In practice, the common understanding is:

  • unit tests are fast
  • unit tests are cheap
  • unit tests make the bulk of the test suit

The Two Extremes Link to heading

Testing. Every. Single. Function. Link to heading

When I first started coding, I took “smallest piece of software” literally.

Getter? Test it.

Setter? Test it.

Tiny wrapper function? Absolutely test it.

One-line delegation? Test it twice, just in case.

Refactoring became hell. My tests didn’t validate logic, they validated my code structure. Changing anything resulted in more time spent rewriting tests than actually working on productive code.

My (flawed) solution?

Disable all unit tests to make the CI happy.

It felt like a weight was lifted of my shoulders. Then reality hit when my “performance improvements” turned into a game of whack-a-bug(mole).

“My Entire Software Is The Unit” Link to heading

The opposite extreme: Only test through the public API.

This turns your test suit into something like a Galton Board. Every test turns into a ball - different shapes, angles, velocities - hoping it bounces in the most obscure ways to test that one edge case in the bottom right corner.

It’s fun until you realize you are playing Pachinko with production level bugs.

What Is Our Goal? Link to heading

If you’ve landed on this post by Googling “What is a unit (test)?” — first of all: Yay! My blog post finally appeased the SEO gods.

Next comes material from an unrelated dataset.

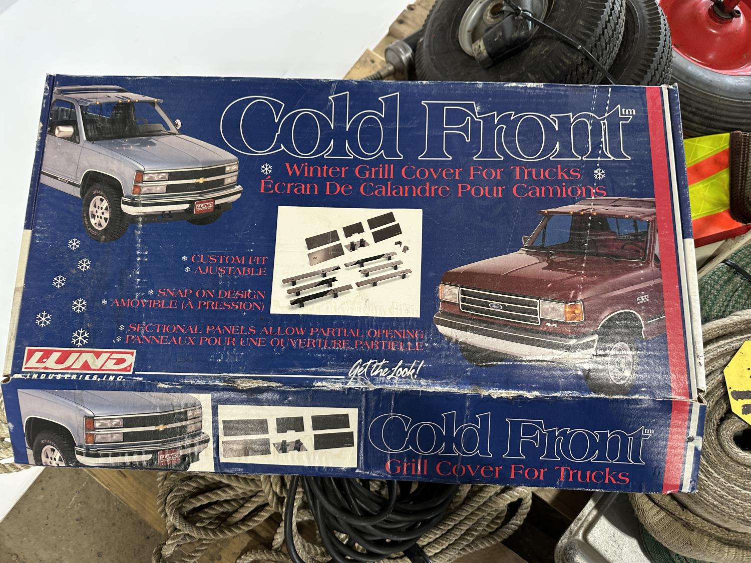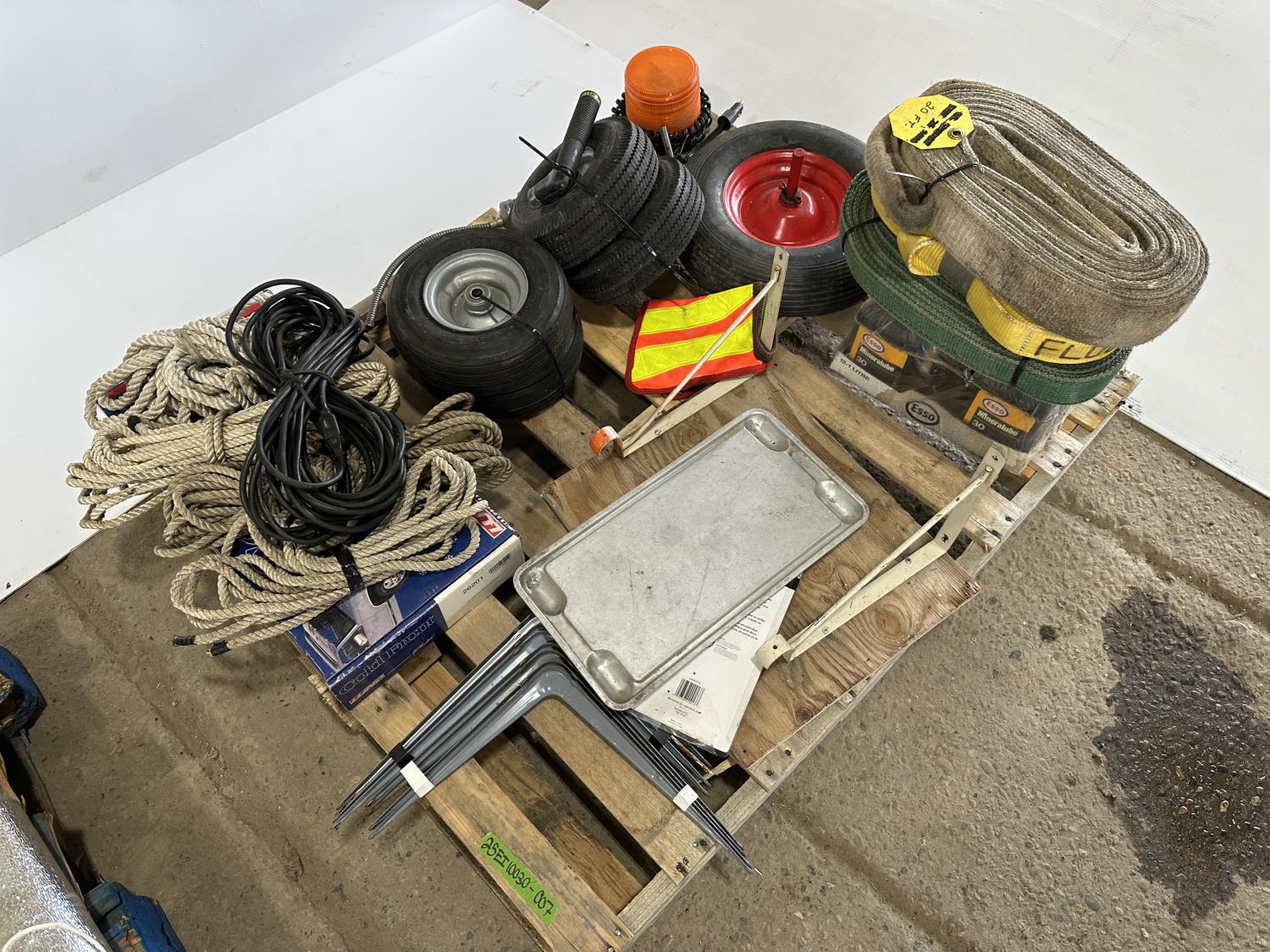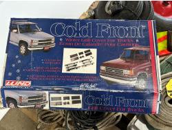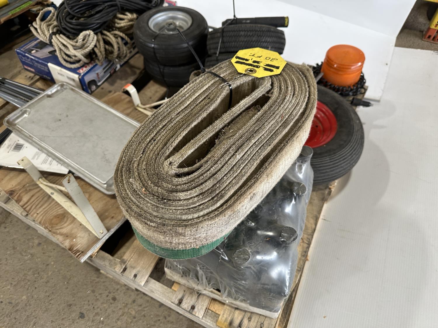 Slings, utility tires, oil, ropes, cold front winter grill cover, beacon light

Thanks for clicking and actually reading it. :)

You’re probably here because one of two things happened:

  • Your manager told you to “add unit tests,” despite having no idea what a unit actually is
  • You genuinely want to improve the quality and reliability of your software

Either way, the mission is the same.

Stop testing software like it’s a Japanese slot machine and start verifying small, meaningful pieces of the system in isolation.

Instead of randomly feeding inputs into the entire application and hoping the right edge case pops out, we want to split the system into manageable, understandable subsets (units) and test those pieces directly and deliberately.

How can we define a component ? Link to heading

When considering a program as nothing more than a giant tree of function calls, we want to be able to draw a square around one part of the tree and confidently say:

“This right here, is a component.”

To visualize this, imagine the following generic program structure:

Component Diagram

From this perspective, we can describe a component with a few clear rules:

  • A system is composed of components. - Each component contributes a distinct piece of functionality to the whole.
  • A component exposes a public API and hides a private API. - The public API is how other components interact with it. The private API is strictly internal and must never be accessed from outside.
  • The public API must be contract-driven. - Its behavior, inputs, outputs, and error conditions must be explicitly defined and guaranteed, no matter how the internal implementation evolves.
  • A component can contain any number of units.
  • Components can be made of components. - This allows you to encapsulate complexity without losing structure.

A component is a self-contained part of the system with a clear, contract-driven public API and internal details that remain fully hidden from the outside.

How can we define a unit ? Link to heading

Now that we know what a component looks like, let’s zoom in and examine what a unit actually is:

Unit Diagram

A unit, highlighted in yellow, is a small, focused piece of logic with limited complexity. Think of it as the smallest part of the system where it still makes sense to talk about behavior.

A unit can be:

  • A single function
  • A small group of tightly related functions

What matters most is not the size, but the level of complexity. If a function call inside the unit exceeds the allowed complexity threshold, it should be mocked.

But how do we measure complexity?

Yes, there are formulas and metrics that attempt to quantify it. Cyclomatic complexity, nesting depth, lines of code, and so on.

But we want to stay realistic and avoid turning unit testing into a numbers game. Nobody wants to write tests because a metric says “this function is now a 14 instead of a 12.”

In the end, use your head and rely on common sense to decide where to draw the line.